[DATA TO USE Boundary: Start]

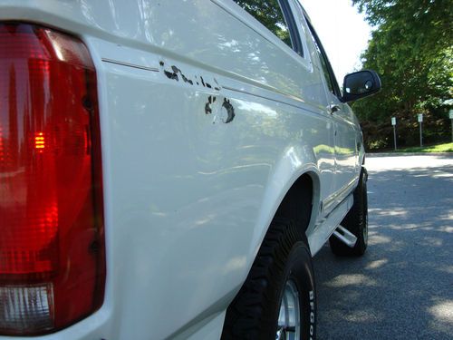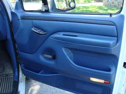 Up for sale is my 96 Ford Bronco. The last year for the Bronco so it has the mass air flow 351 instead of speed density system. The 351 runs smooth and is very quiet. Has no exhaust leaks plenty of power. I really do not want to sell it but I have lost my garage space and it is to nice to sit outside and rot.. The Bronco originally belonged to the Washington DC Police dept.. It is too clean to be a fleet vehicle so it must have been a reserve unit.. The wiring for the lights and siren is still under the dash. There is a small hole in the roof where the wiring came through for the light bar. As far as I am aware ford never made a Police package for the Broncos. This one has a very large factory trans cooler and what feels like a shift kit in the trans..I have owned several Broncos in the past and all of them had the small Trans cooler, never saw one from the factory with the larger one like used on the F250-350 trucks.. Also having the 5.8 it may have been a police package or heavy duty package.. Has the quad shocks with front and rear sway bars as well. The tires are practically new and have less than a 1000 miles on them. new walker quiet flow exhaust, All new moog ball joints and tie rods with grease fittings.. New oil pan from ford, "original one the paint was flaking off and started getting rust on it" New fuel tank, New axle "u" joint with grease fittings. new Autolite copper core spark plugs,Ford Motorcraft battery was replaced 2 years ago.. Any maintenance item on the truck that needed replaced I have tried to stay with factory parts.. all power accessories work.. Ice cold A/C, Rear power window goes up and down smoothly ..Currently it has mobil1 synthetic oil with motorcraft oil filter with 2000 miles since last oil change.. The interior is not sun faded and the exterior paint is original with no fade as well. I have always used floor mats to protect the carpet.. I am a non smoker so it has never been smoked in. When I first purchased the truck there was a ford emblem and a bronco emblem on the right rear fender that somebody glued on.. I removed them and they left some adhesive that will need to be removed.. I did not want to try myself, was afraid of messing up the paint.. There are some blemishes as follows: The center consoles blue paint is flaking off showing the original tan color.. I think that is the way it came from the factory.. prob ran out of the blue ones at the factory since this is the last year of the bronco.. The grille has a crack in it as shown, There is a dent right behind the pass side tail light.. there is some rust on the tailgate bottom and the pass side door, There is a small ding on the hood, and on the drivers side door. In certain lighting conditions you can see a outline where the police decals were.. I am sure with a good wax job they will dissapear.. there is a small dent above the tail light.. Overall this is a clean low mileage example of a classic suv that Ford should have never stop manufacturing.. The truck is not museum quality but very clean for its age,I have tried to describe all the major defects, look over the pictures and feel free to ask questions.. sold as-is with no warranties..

[DATA TO USE Boundary: End]
[DATA TO USE Boundary: Start]

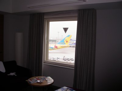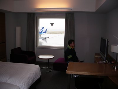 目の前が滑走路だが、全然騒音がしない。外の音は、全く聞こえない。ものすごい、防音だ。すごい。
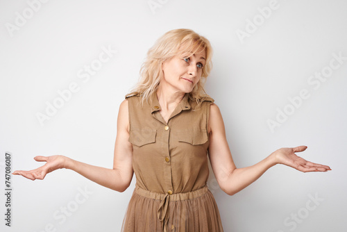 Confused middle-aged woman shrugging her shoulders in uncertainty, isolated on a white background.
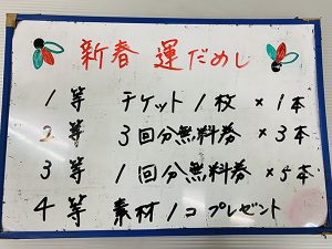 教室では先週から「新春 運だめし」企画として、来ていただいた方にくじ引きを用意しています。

[DATA TO USE Boundary: End]
[DATA TO USE Boundary: Start]

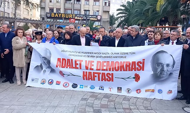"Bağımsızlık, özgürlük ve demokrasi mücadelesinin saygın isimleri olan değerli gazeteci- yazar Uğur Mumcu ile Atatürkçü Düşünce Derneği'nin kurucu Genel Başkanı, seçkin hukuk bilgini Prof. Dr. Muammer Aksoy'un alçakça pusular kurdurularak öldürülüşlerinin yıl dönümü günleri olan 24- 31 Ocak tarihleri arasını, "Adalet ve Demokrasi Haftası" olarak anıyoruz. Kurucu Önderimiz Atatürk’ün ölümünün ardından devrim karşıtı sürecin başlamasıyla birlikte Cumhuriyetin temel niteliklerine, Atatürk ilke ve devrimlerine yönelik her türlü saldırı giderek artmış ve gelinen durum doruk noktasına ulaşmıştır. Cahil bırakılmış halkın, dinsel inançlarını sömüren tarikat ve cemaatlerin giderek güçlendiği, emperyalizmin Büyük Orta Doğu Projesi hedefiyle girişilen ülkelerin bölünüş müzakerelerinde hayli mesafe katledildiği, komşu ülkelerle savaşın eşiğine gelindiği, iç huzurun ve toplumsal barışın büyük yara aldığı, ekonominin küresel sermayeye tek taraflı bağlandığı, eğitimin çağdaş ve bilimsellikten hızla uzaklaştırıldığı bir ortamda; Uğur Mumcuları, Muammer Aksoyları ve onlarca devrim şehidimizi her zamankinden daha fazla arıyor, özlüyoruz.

[DATA TO USE Boundary: End]

WHAT YOU HAVE TO DO — Repeat, word for word, the lines of the material above from the one holding "Confused middle-aged woman" through the one holding "教室では先週から「新春 運だ". Leave out pictures.

ANSWER SECTION —
 Confused middle-aged woman shrugging her shoulders in uncertainty, isolated on a white background.
 教室では先週から「新春 運だめし」企画として、来ていただいた方にくじ引きを用意しています。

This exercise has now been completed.